Does it sometimes get annoying to have to "sell" his field to people who basically aren't interested?

Not at all, says Read. "I don't have any problems 'jazzing up' my subject to other people. I have to do it all the time with undergraduate students during teaching to get them interested and sucked into what I am passionate about scientifically."

Nonetheless, it is clearly a delicate balancing act to talk about a highly technical topic with passion and enthusiasm without alienating fellow revellers. Those without particular social skills are often wise to stick to safer party environments, where no one can spring the dreaded "What do you do?" question on them.

For those who are bold enough to get away with it, on the other hand, introductions can offer opportunities to play with images and identities.

"I'm not ashamed of being a scientist," says Rivka Isaacson, senior scientist at the Imperial College Drug Discovery Faculty.

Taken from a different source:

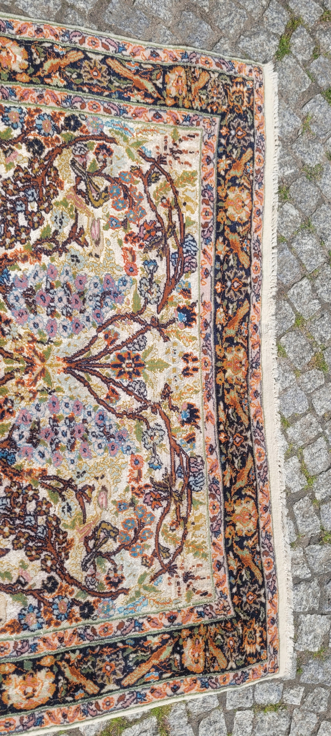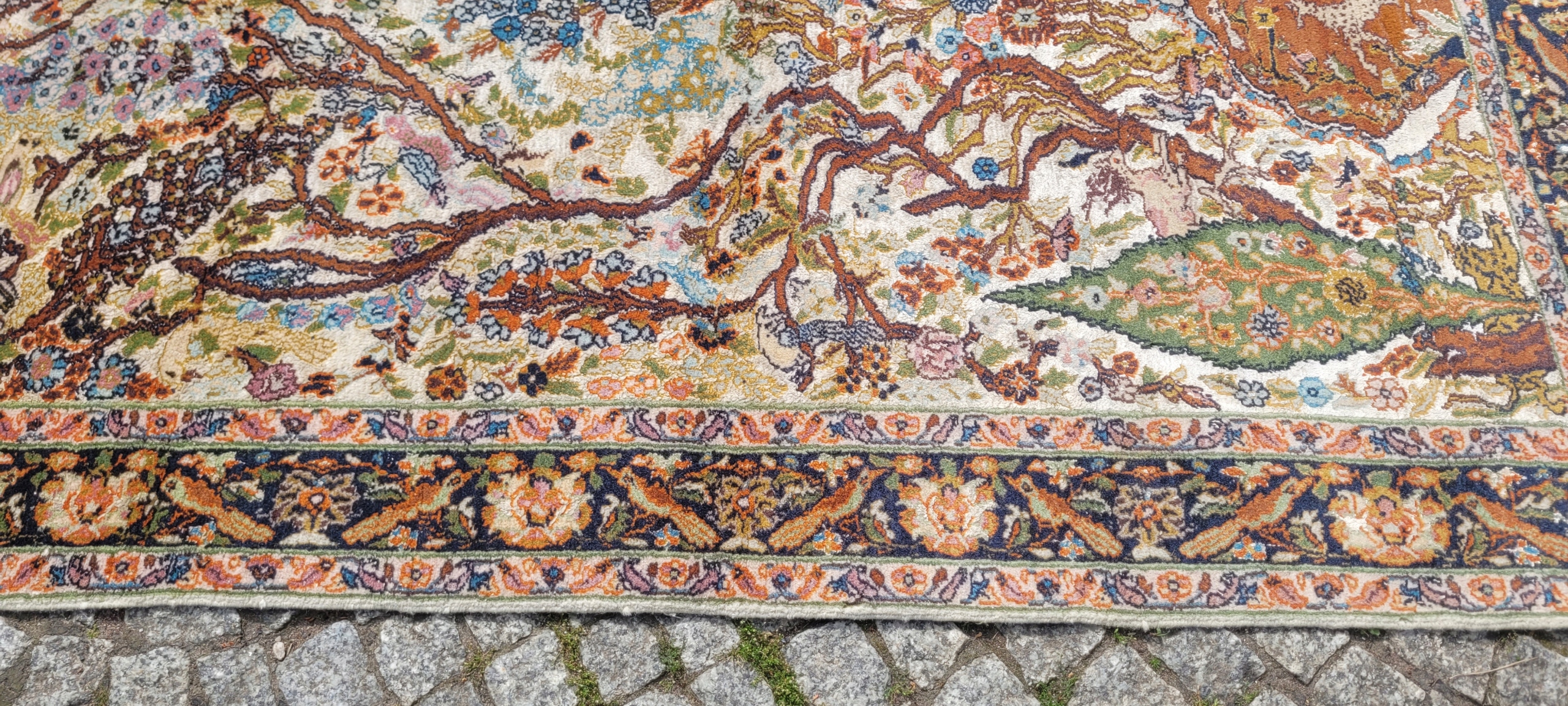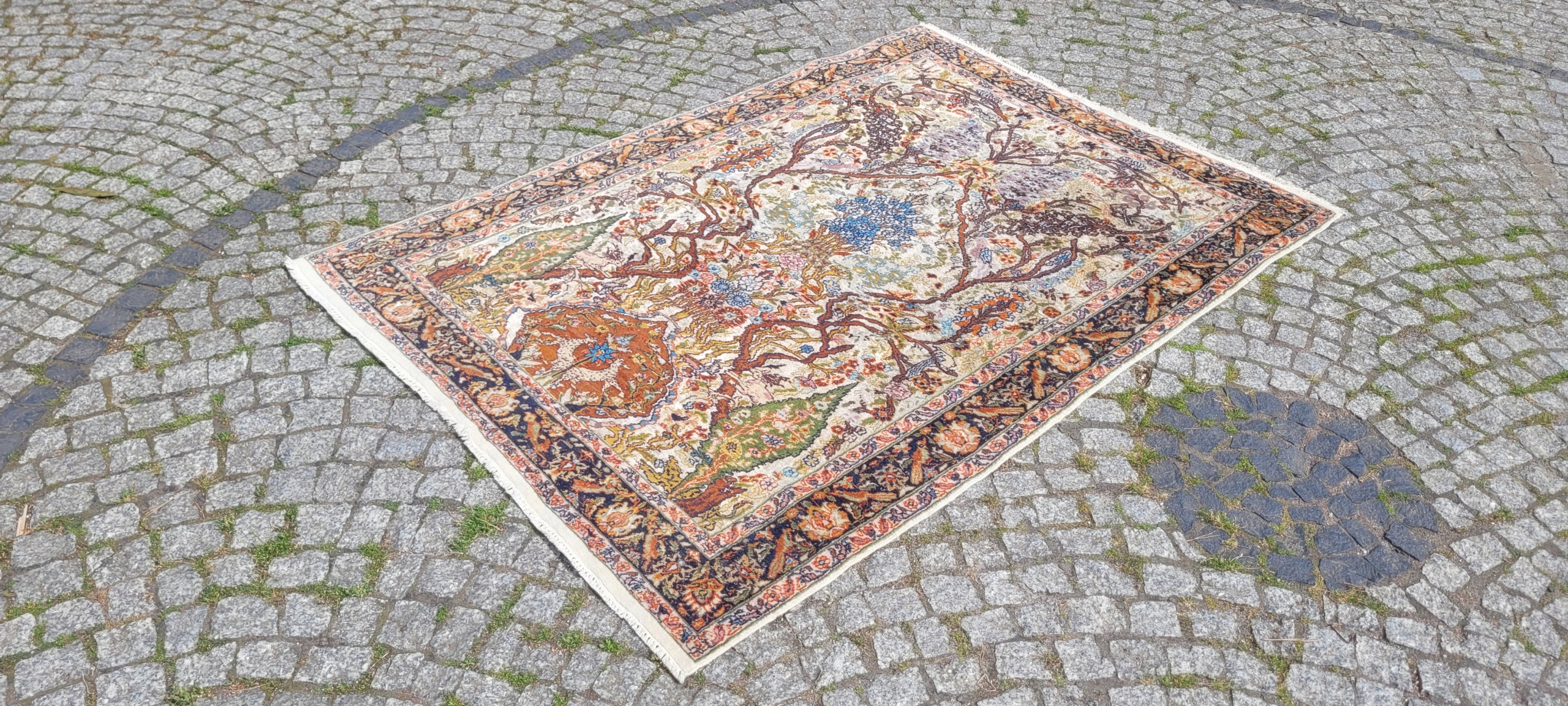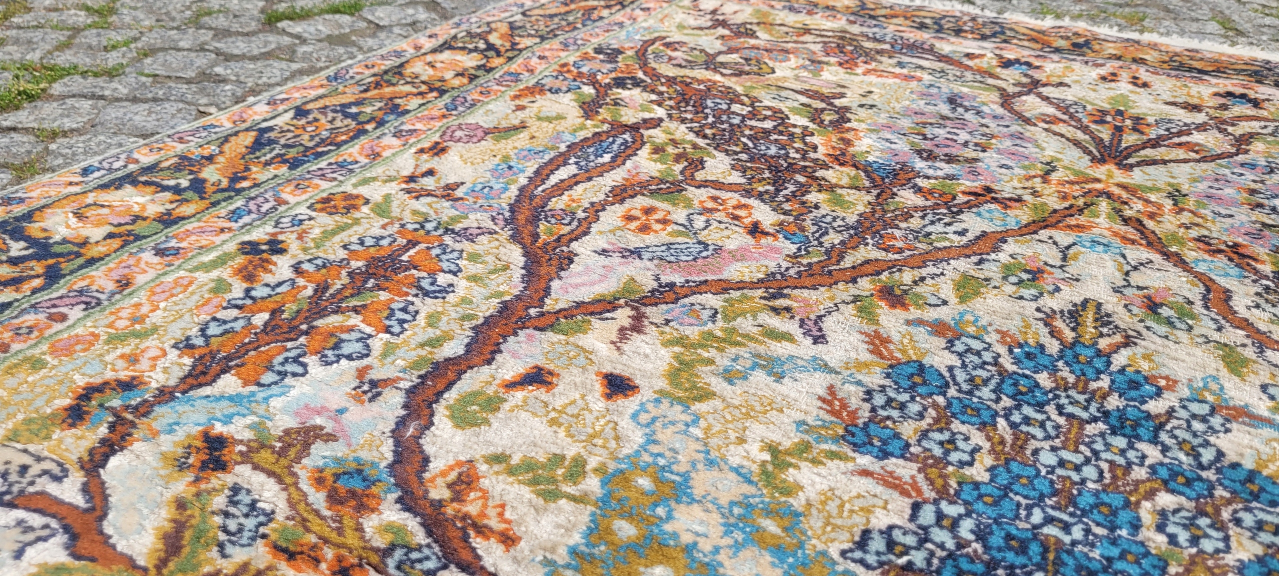 Ковер гом. Сплетено вручную из шерсти и шелка. Для него характерен компактный, приятный на ощупь, блестящий флис, красивые цвета и узоры. Состояние хорошее, видно на фотографиях.

"Sometimes it is fun to baffle people and use words you know they won't understand. Other times I explain myself in a very accessible way with loads of analogies and they say, 'Oh wow, it's so nice to meet a scientist who can couch things in normal terms,'?" she adds.

"One of my aims in life is to dispel the geeky image of scientists - despite the fact that there really are loads of geeky scientists - because I know many more scientists who are extremely well-rounded than arts people.

"If I make people guess my job, they always say art/media/journalism, which makes me glad," Isaacson says. She admits, however, that "it is probably the pink hair that does it".

That such issues are of more than casual concern to her is evident from the novel she has been working on, "all based on truth", where similar questions are prominent. Isaacson's heroine is a biophysicist, Kathryn Rich, whose "latest book is entitled Synchrotron Radiation for Dummies".

"A common characteristic among scientists," the fictional biophysicist reflects, "is their reluctance to admit the nature of their profession.

"I myself have claimed a large variety of alternative occupations when I've thought I could get away with it. I once met a biophysicist who, in an attempt to impress girls at parties, claims to be one of those Red Adair-type firemen who fearlessly tackle oil fires.

"My own wishful fantasies tend less toward the heroic, having professed in my time to be an academic in various of the arts, a dry-cleaner, a dental receptionist and a childminder, among other things. When embroiled in brief encounters such as those with seat neighbours on aeroplanes I've been known to give chapter and verse on my imaginary PhD thesis, Blood Is Thicker than Water: The Influence of Sibling Rivalry on the Novels of Margaret Drabble and A.S. Byatt, a pet interest of mine, which sounds infinitely more glamorous than the title of my real thesis, Biophysical Studies of Amyloidosis.

"Whence stemmeth this disinclination to identify with what is, after all, a noble enough profession that has produced many a breakthrough in its time? Fear of being thought nerd-like, horror of having one's brain-power overestimated, dread of introducing a conversation-stopper? I'd certainly answer yes to all of the above," says Isaacson's heroine.

There are times when it is easier to be an accountant or a dentist than an academic.